** Task requirements **
Every line from the one with "Tower and fortified" through the final line of the data below goes in the answer, copied exactly. Pictures do not.

** Data **
:::
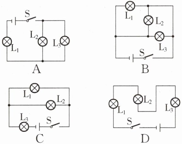 11.B [解析]闭合开关S后,图A电路中电流从电源正极经过开关S后分别流经灯泡L₂与L₃,再流过灯泡灯L₁,最后流回电源负极,三个灯为混联,故A不符合题意;图B电路中电流从电源正极经过开关S后分别流经灯泡L₁、L₂和L₃,最后流回电源负极,三个灯为并联,故B符合题意;图C电路中电流从电源正极经过开关S后分别流经灯泡L₁与L₂,再流过灯泡L₃最后流回电源负极,三个灯为混联,故C不符合题意;图D电路中电流从电源正极依次流经灯泡L₃、L₂、L₁再经过开关S,最后流回电源负极,三个灯为串联,故D不符合题意.故选B.
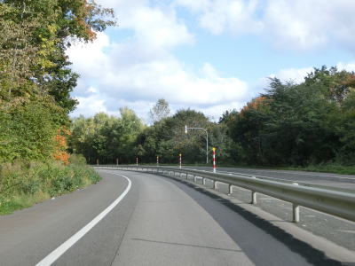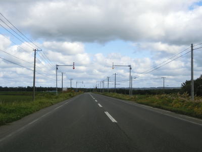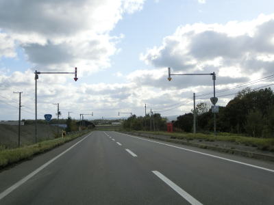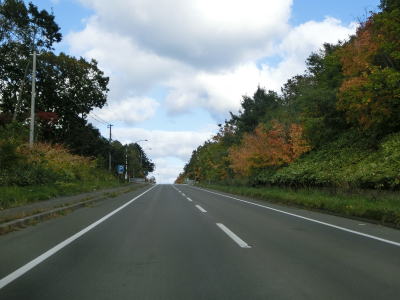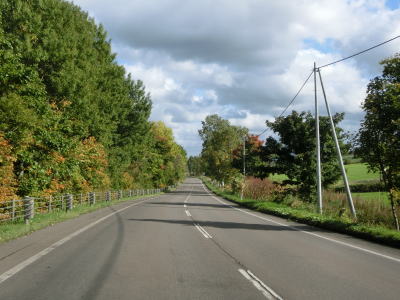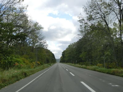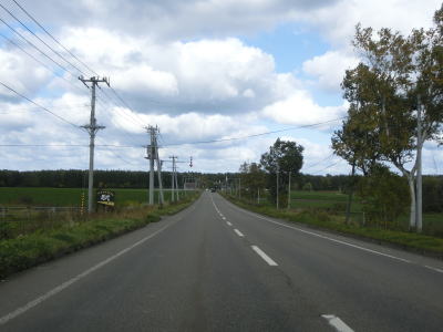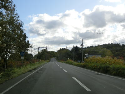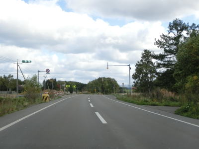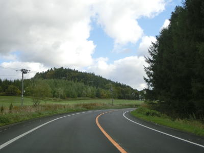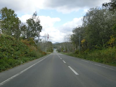 | 北海道r442交差点から少し走ると右カーブを曲がってほぼ真東の方角に向かって走る。その後はアップダウンを繰り返しながらいくつかの緩やかなカーブを曲がる。交通量は少なく快走路と言える道路状況である。 | ||
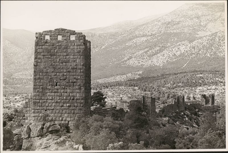 : "Orchomenos. Tower and fortified wall with mountains in the distance"
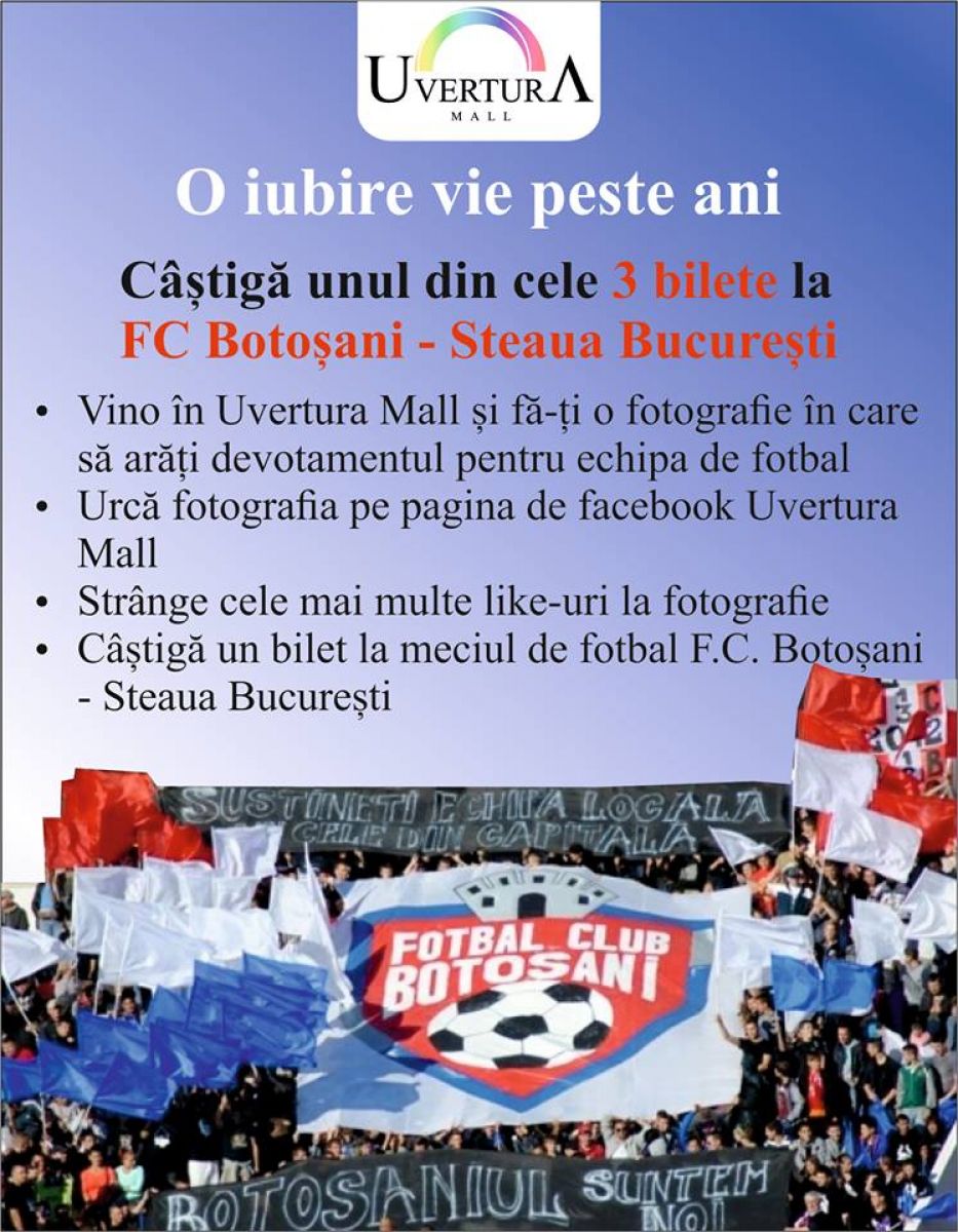 Încă de la inaugurare, Uvertura Mall a promovat și susținut valorile botoșănene. Și pentru că FC Botoșani este o mândrie locală și are nenumărați suporteri, a lansat pentru aceștia un concurs și o invitație de a-și manifesta susținerea si dragostea față de echipa lor, în urma căruia primii trei suporteri desemnați în urma like-urilor primite la fotografiile încărcate pe pagina oficială de facebook Uvertura Mall, vor câștiga câte un bilet la meciul dintre FC Botoșani și Steaua București.
:::
** Solution **
 : "Orchomenos. Tower and fortified wall with mountains in the distance"
 Încă de la inaugurare, Uvertura Mall a promovat și susținut valorile botoșănene. Și pentru că FC Botoșani este o mândrie locală și are nenumărați suporteri, a lansat pentru aceștia un concurs și o invitație de a-și manifesta susținerea si dragostea față de echipa lor, în urma căruia primii trei suporteri desemnați în urma like-urilor primite la fotografiile încărcate pe pagina oficială de facebook Uvertura Mall, vor câștiga câte un bilet la meciul dintre FC Botoșani și Steaua București.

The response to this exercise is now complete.